セクハラ問題で、シリコンバレーの“やんちゃ”文化はどうなるか

    男女平等の問題に長いこと手を焼いてきた業界だが、傷んだリンゴをいくつか取り除くだけで済ませるのか、業界全体が変わろうとしているのか、今はまだ定かでない。

    配車サービス企業Uberの女性エンジニアだったスーザン・ファウラー氏は2017年2月19日、Uber社内で体験した差別やハラスメントの被害を告発する長々とした文章を、自身の個人ブログで公開した。今となっては信じられないが、当初Uberは、すぐに問題を解決して前進できるとみられていた。

    Uber最高経営責任者(CEO)のトラビス・カラニック氏は、告発を受けて声明を発表し、「ファウラー氏の書いた事柄は忌まわしく、当社の姿勢および信念と全面的に相いれない」と宣言した。

    さらに、この種の告発はファウラー氏から初めて聞いた、とも述べた。ところがその数日後、カラニック氏は複数の女性従業員から、Uberにはハラスメントが「まん延」している、と指摘されたのだ。ただし、この疑いは後日、Uber役員のアリアナ・ハフィントン氏がCNNに対して、男女差別とハラスメントが「まん延している」ことなどないと語り、否定された。

    Uberは、シリコンバレーに伝わる昔ながらの戦略で押し通すつもりだったらしい。つまり、大きな問題をちょっとした一事案に過ぎないとみなそうとして、広範な変革の必要性を拒絶する作戦だ。
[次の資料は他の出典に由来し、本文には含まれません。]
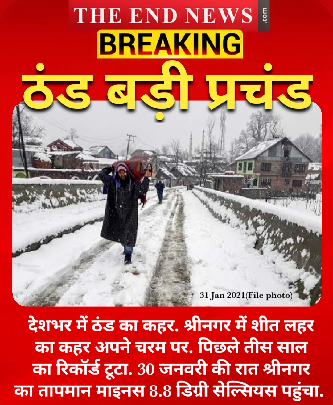 जम्मू कश्मीर (Jammu Kashmir) में इन दिनों पड़ रही कड़ाके की ठंड ने पिछले 30 साल के रिकॉर्ड तोड़ दिए हैं. बड़ी बात यह है कि इस ठंड के कारण जम्मू-कश्मीर में अघोषित कर्फ्यू से हालात सड़कों पर नजर आ रहे हैं. लोग ठंड से बचने के लिए घरों में अलाव का और अन्य संसाधनों का सहारा ले रहे हैं. इस कड़ाके की ठंड में बचाव के लिहाज से सड़कों पर लोगों की संख्या काफी कम है.खासकर पहाड़ी इलाकों में लोग सतर्क हो गए हैं. कड़ाके की ठंड पड़ रही है. पहाड़ों पर बर्फबारी के कारण घाटी (Kashmir Valley) में सर्द हवाओं के कारन तापमान माइनस में चला गया है. शनिवार-रविवार के बीच की रात श्रीनगर (Srinagar) में पिछले 30 साल की सबसे सर्द रात रही. मौसम विभाग की मानें तो शहर में 1991 के बाद सबसे कम तापमान माइनस 8.8 डिग्री सेल्सियस रिकॉर्ड किया गया है. जिसके बाद मौसम विभाग ने अलर्ट भी जारी कर दिया है.
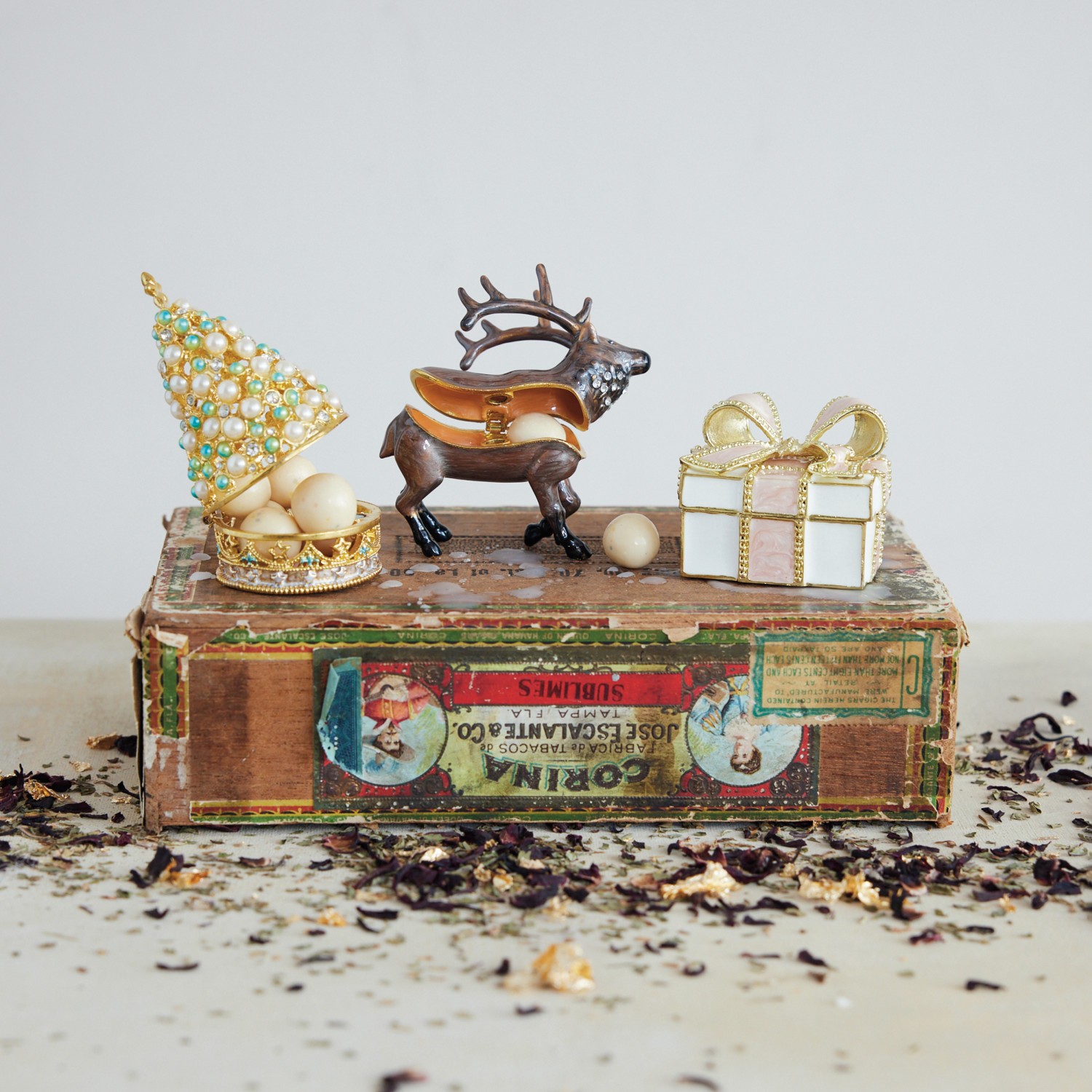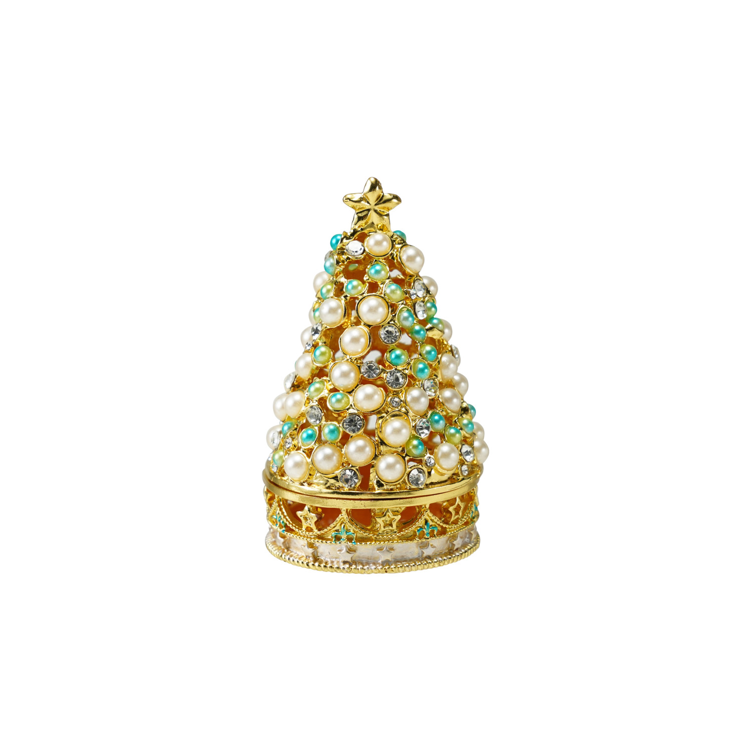 Catalog Name: 2" Round x 3"H Enameled Metal Tree Shaped Trinket Box w/ Stars, Jewels & Faux Pearls, Gold Finish & Multi Color
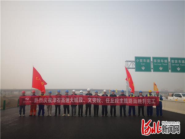 11月16日上午,随着天津至石家庄国家高速公路与京德高速交叉枢纽互通最后一公里的沥青路面摊铺完成,由中电建路桥集团有限公司津石高速公路项目河北高速公路总承包部路面JSLM1经理部承建的津石高速任丘段已全面完工,标志着天津至石家庄国家高速公路大城段、文安段,任丘段、安国段和定州段共计104.82公里已经胜利完成主线路面全部贯通。这是一个激动人心的时刻,站在高处极目眺望,天津至石家庄国家高速公路如同一条气势磅礴的伟岸巨龙正在燕赵大地徐徐升起,又像是一条璀璨的纽带,成为连接天津市、雄安新区和石家庄市的一道靓丽的风景。

    Arianna and Liane to press: there is no systemic sexual harassment, just Susan. External lawyers: there are 215 ca… https://t.co/sKPAwYbZES

    アリアナとリアン(訳注:Uber人事部門トップのリアン・ホーンズビー氏)が取材に答えた:セクハラはまん延しておらず、被害者はSusanだけ。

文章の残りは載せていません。